Stiemerling, Quittek, Cadar                                    [Page 54]

Internet Draft         SIMCO Protocol Version 3.0          December 2005


   the address tuple (outside) attribute have exactly the same values as
   the corresponding attributes of the PER reply that was sent as part
   of the PER or PEA transaction that established the policy enable
   rule.

   In the PDS reply message, the policy rule identifier attribute, the
   address tuple (internal) attribute, and the address tuple (external)
   attribute have exactly the same values as the corresponding
   attributes of the PDR request message.

   This transaction does not change the state of any policy rule.


8.7.  Processing PRL Requests

   When a middlebox receives a PRL request message, it first checks if
   the authenticated agent is authorized for receiving policy
   information.  If not, it returns a negative reply message of type
   'agent not authorized for this transaction' (0x0341).

   Then the middlebox generates a PRL reply message.  For each policy
   rule at the middlebox in state RESERVED or ENABLED, which the
   authenticated agent can access, a policy rule identifier attribute is
   generated and added to the PRL reply message before the message is
   sent to the agent.  A negative reply message of type 'reply message
   too big' (0x0313) is generated, if the number of policy rule
   attributes to be returned exceeds the maximum transport unit size of
   the underlying network connection or the maximum length of a SIMCO
   message. The total size of a SIMCO message is limited to 65,536 in
   total (see Section 4.2 for the SIMCO header).
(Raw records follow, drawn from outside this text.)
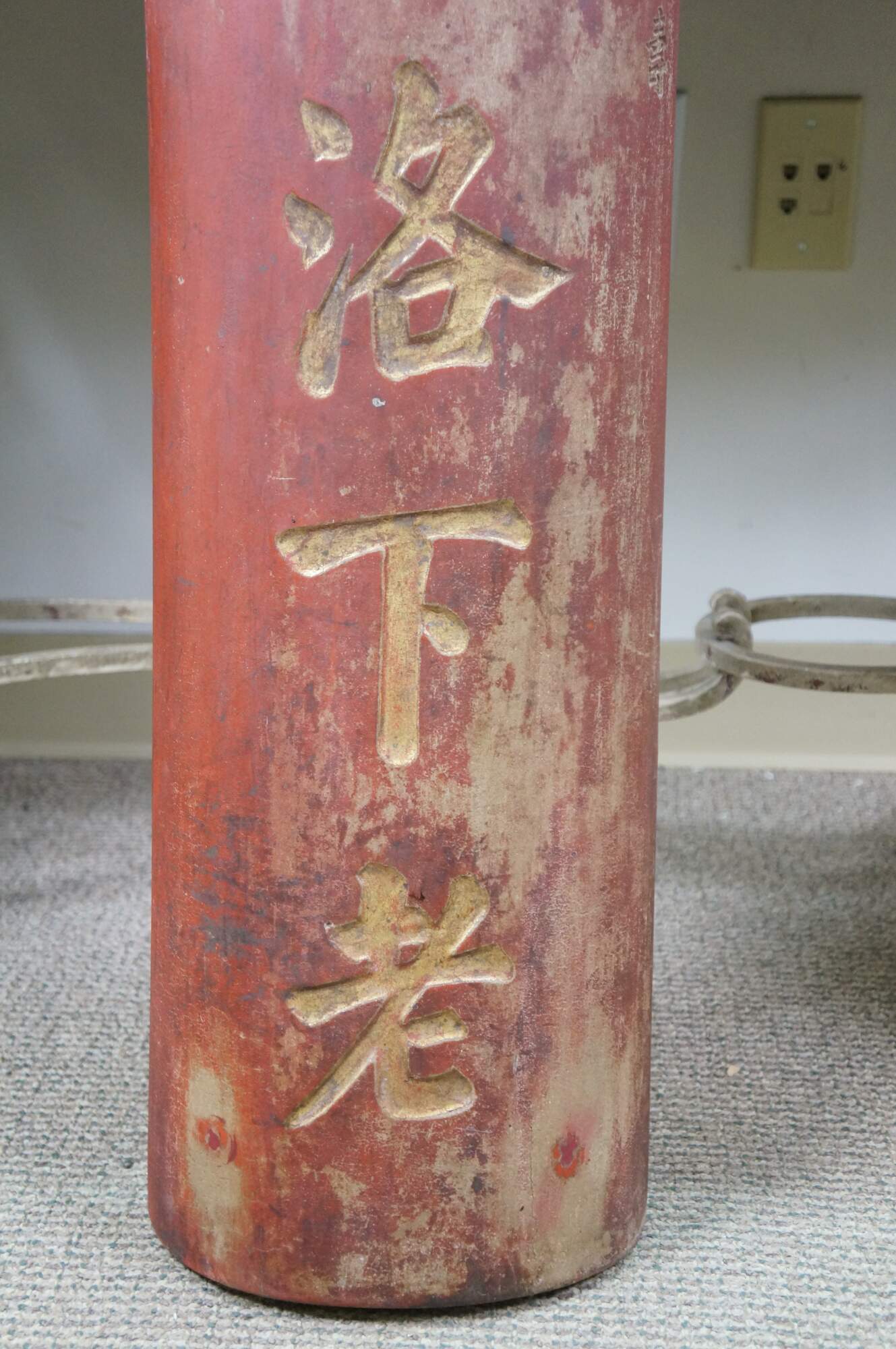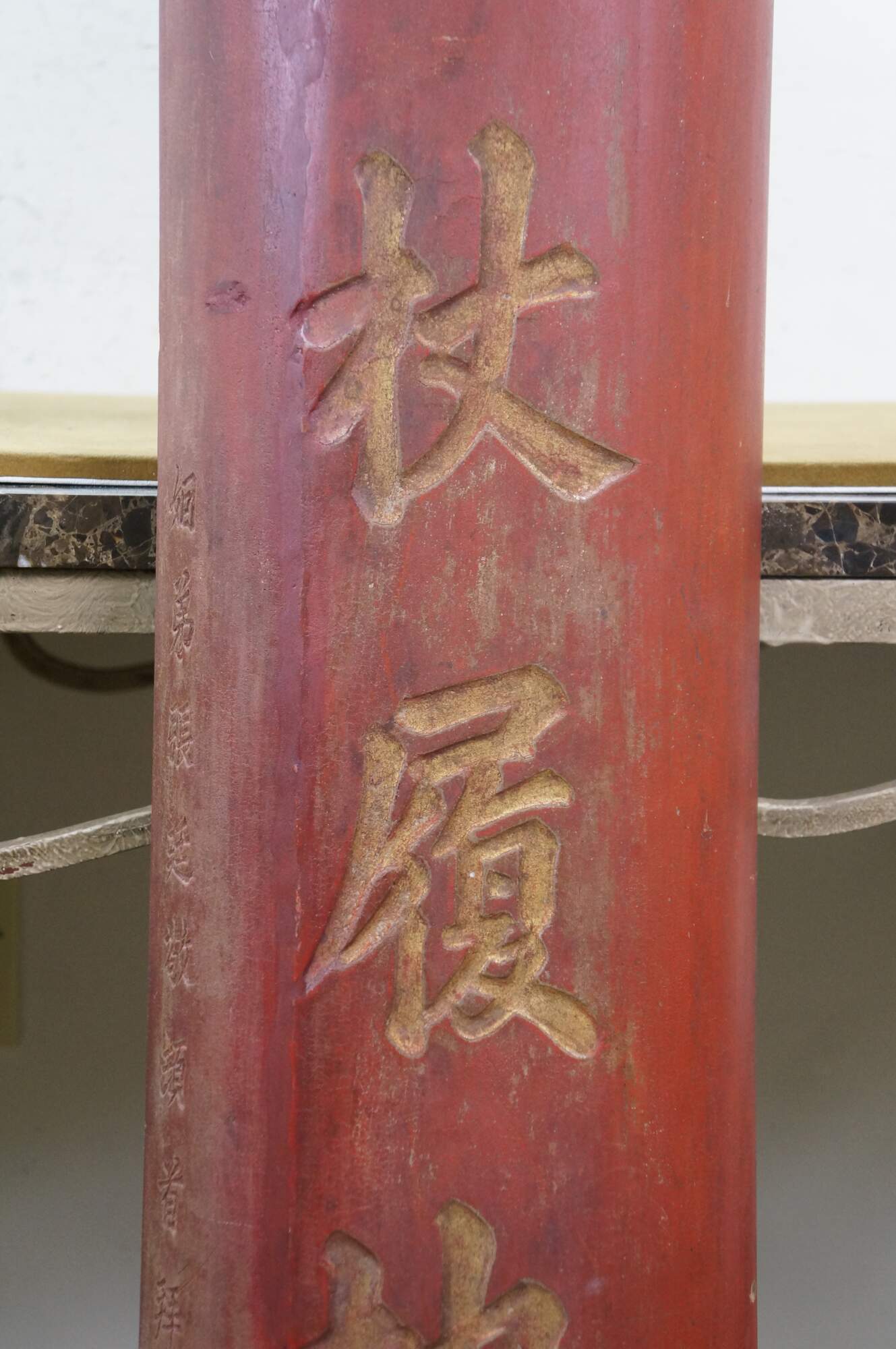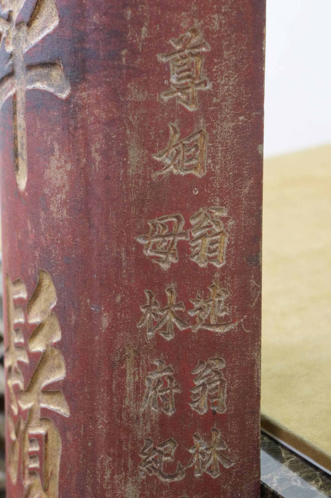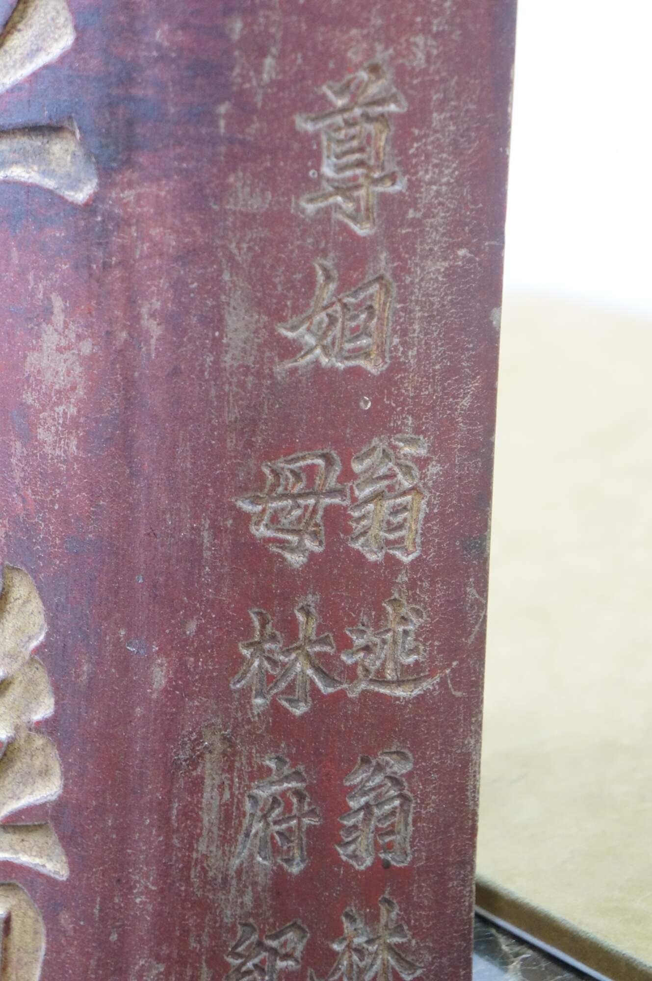 Beautiful pair of antique Chinese wooden couplet wall plaques dating to the late Qing Dynasty. Hand-carved with traditional Chinese gold calligraphy and red lacquer, these panels were a birthday gift given by a person named Tingjing Zhang 張廷
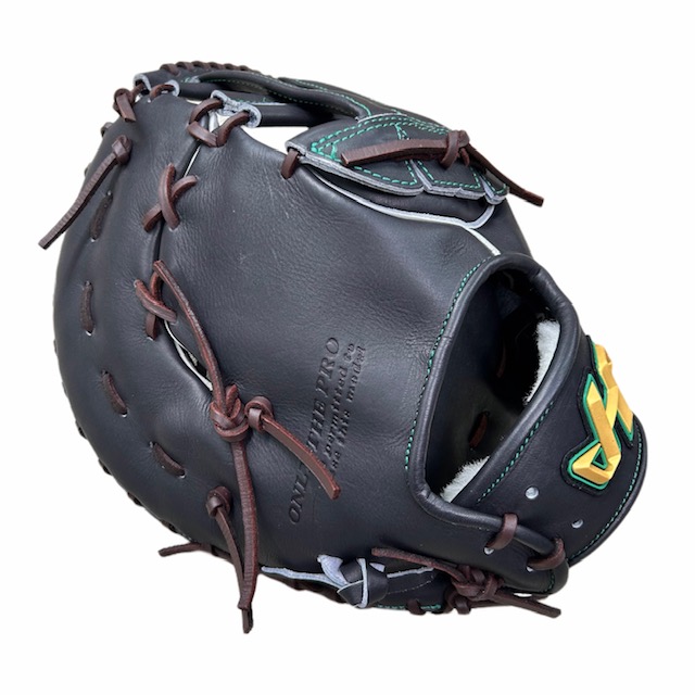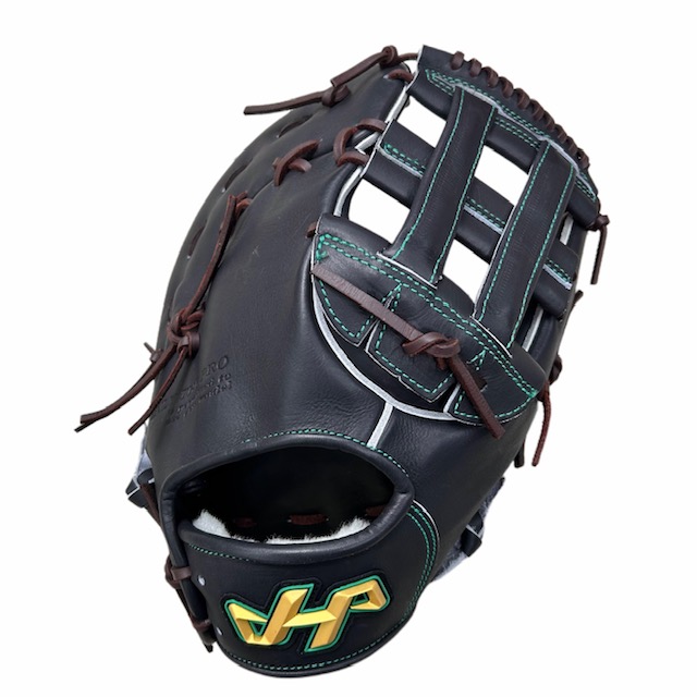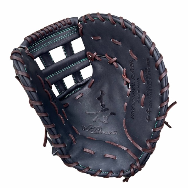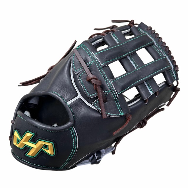 ハタケヤマ(HATAKEYAMA)硬式野球用ファーストミット 品番:V-F1JB カラー:Vブラック 左右:右投用 素材 表革:スペシャルジャパンハイド(和牛革) 裏革:共牛革 ポジション:一塁手用 付属品:グラブ袋 原産国:日本
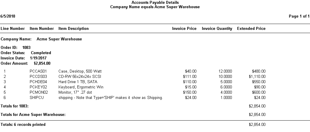 Accounts Payable Details: This report prints a list of Accounts Payable Details by Company and shows how to print each group on a new page.

   This transaction does not change the state of any policy rule.


8.8.  Processing PDR requests

   Processing of PDR requests is structured into five sub-sections: The
   first one describes the general extension of the MIDCOM protocol
   semantics by PDR.  The second sub-section describes the initial
   checks that are performed in any case.  The third sub-section
   describes the processing of PDR requests on pure firewalls, the
   fourth one describes processing on devices with NATs and the fifth
   sub-section describes processing of devices with combined firewall
   and NAT functions.


8.8.1.  Extending the MIDCOM semantics

   The Policy Disable Rule (PDR) extends the MIDCOM protocol semantics
   [RFC3989] by another policy rule type.  The PDR is intended to be


Stiemerling, Quittek, Cadar                                    [Page 55]

Internet Draft         SIMCO Protocol Version 3.0          December 2005


   used for dynamically blocking unwanted traffic, particularly in case
   of an attack, for example a distributed denial of service attack.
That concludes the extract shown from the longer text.